Tuesday, 22 February 2011

A press release from our sharp, maladroit friend George "The Shark" Macbeth

The Black Tambourines, are not:
A group of percussionists
A beck cover act or
A plural of the seminal 80’s noise band

What they are is Cornwall’s premier surf-rock band. The lineup is: Jake Willbourne, the formidably creative punk Buddhist who croons, yelps and plays bass, Paddy Staccpoole the taciturn guitarist who catcalls, paints, sings and rarely smiles, Jim Sibley the urbane drummer and keen cyclist who defies every tub-thumping stereotype going and Josh Spencer the languid hip-hop enthusiast who’s wall of guitar noise unifies the group.

The fourtet emerged in a puff of weed smoke from the primordial soup of Truro College’s music course and began to notch up regular appearances at gig’s put on by the tireless promoters at Duelling Kazoo’s and Dirty Sunday’s. After only a series of gigs the band began to generate real excitement amongst local music fans, as people flocked eager to witness the risk and energy of genuine rocknroll. For too long the Cornish had been limited to yawning through sets of either post-hardcore macho posturing or banal surf-songwriters at local gigs, so the arrival of the BT’s sent a strain of enthusiasm through the college populations.

Having recorded their eponymous first EP themselves in a hazy week last summer and finished college they set about consolidating the attention that surrounded them in more hectic performances. The songs on the ep deal with: unwanted attention ‘I don’t want to be yr lover’ the affectations of a local hipster ‘tommy’ and sticking two fingers up other peoples expectations ‘I can’t surf’ (and wishing happy birthday to paddy’s dad) All of this wrapped up in their rad and raucous blend of lo-fi garage. Achievements to date include their split seven inch on up and coming south-west imprint ART IS HARD RECORDS with like-minded Exeter dudes New Year’s Evil, with whom they shared a ferocious gig at Exeter cavern and are planning a Spring tour. Having shared a stage with acts like Jeff the Brotherhood and The Automatic (in steeply descending order of brilliance) and hosted their own smoky/strobe-lit gigs emblazoned in projected visuals of skateboarding, the band rarely turn in a dull show.

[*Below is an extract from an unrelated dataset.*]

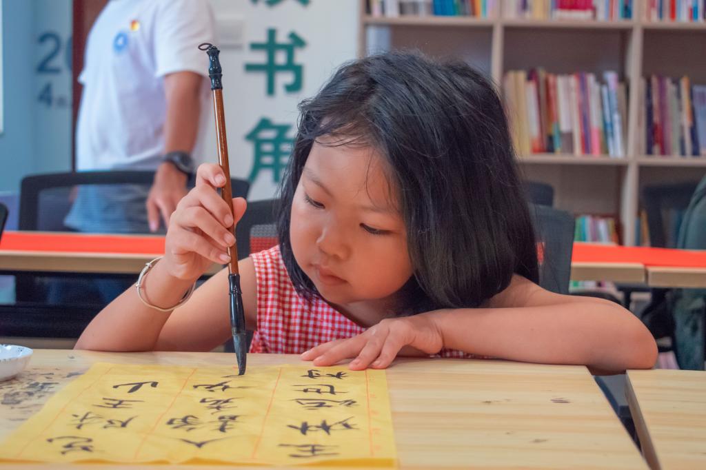 中华文化博大精深,书法艺术源远流长。书法教学活动上,团队成员从握笔姿势到写字的间架结构、笔画笔顺等入手,手把手教孩子们书写,一竖一撇一捺,教授孩子们书写着毛竹山村幸福篇章,为大家带来了一场书法盛宴。很多孩子都是第一次“零距离”接触毛笔书法,学习过程中非常认真,仔细聆听团队成员传授的书法知识,用心书写一笔一划。挥洒之间,一幅幅叙写着毛竹山村致富“故事”的书法作品跃然纸上,稚嫩的笔墨,浸润着孩子们的心灵,在孩子们心中播撒下了美好高雅的艺术种子。
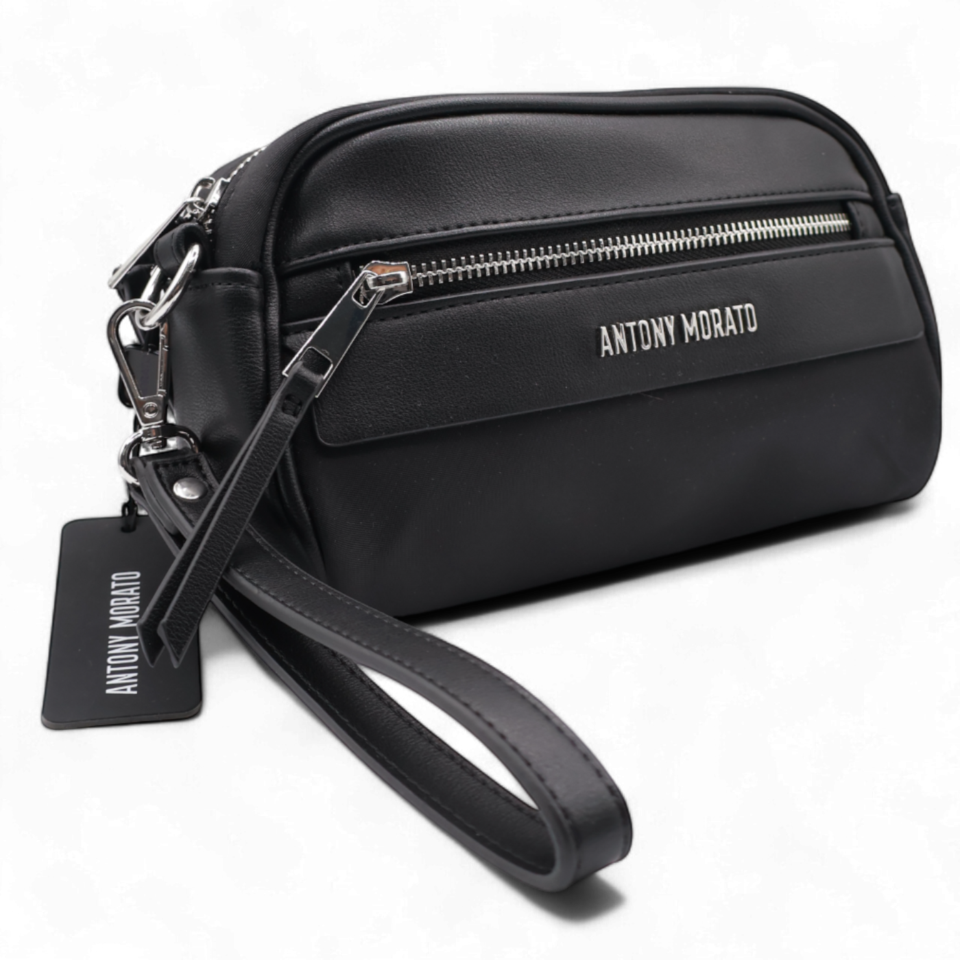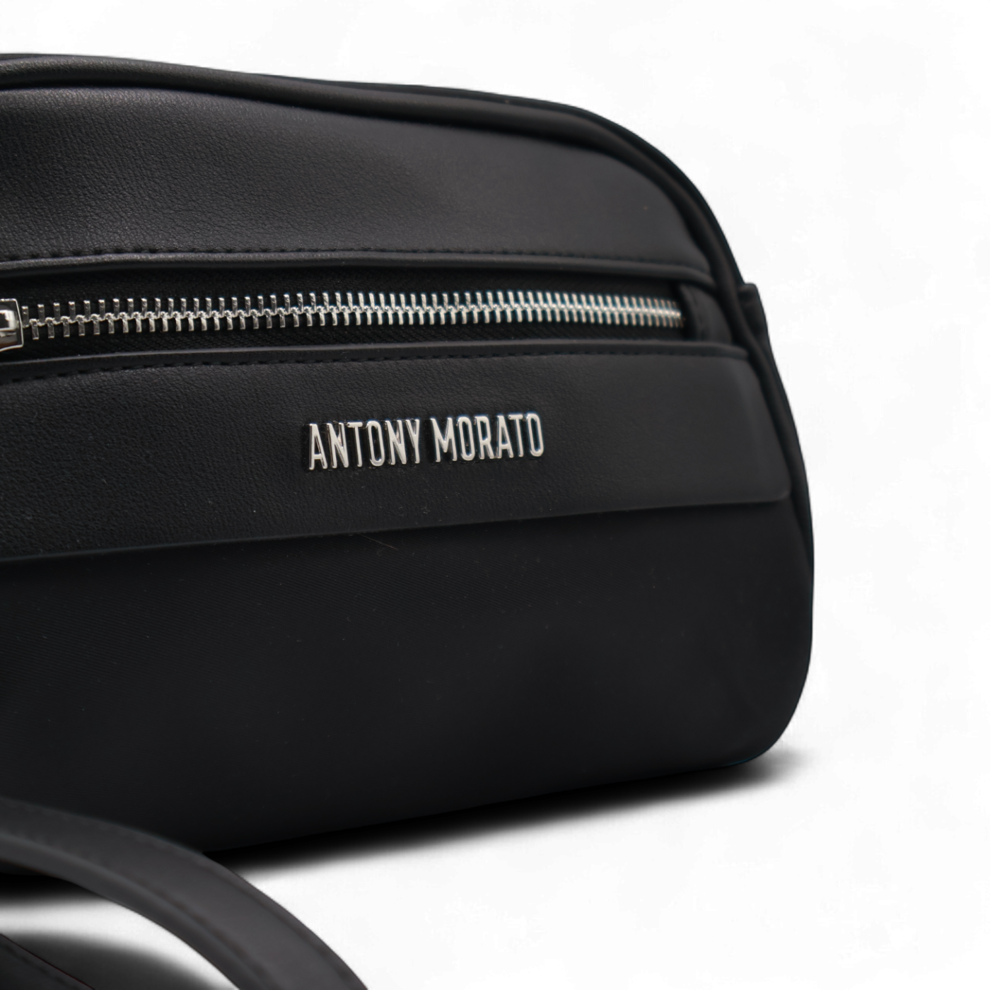 Bandolera Antony Morato negra con logo efecto 3D. Estilo urbano y funcional, ideal para llevar tus objetos personales con comodidad y estilo.

Perhaps the best crystallization of the disparate influences that are fused in the Black Tambourines circuits is their most recent ‘HOMBRE’ Ep (again self-issued & recorded). The EP does away with the murkiness of its predecessor to reveal the sheer strength of their current set of songs that now share triple vocal duties between Spencer, Jake and Paddy. As the songs clearly show, the BT’s don’t shy away from melody- and songs like ‘Vitamin D’ with its final emphatic refrain demonstrate their love for the likes of Brian Wilson. This isn’t a band likely to buckle to musical orthodoxy or one that can’t evolve. No, this music defies the homogenization of your standard listening experience to present you pure, undignified creativity at its most intact, affecting and downright fun.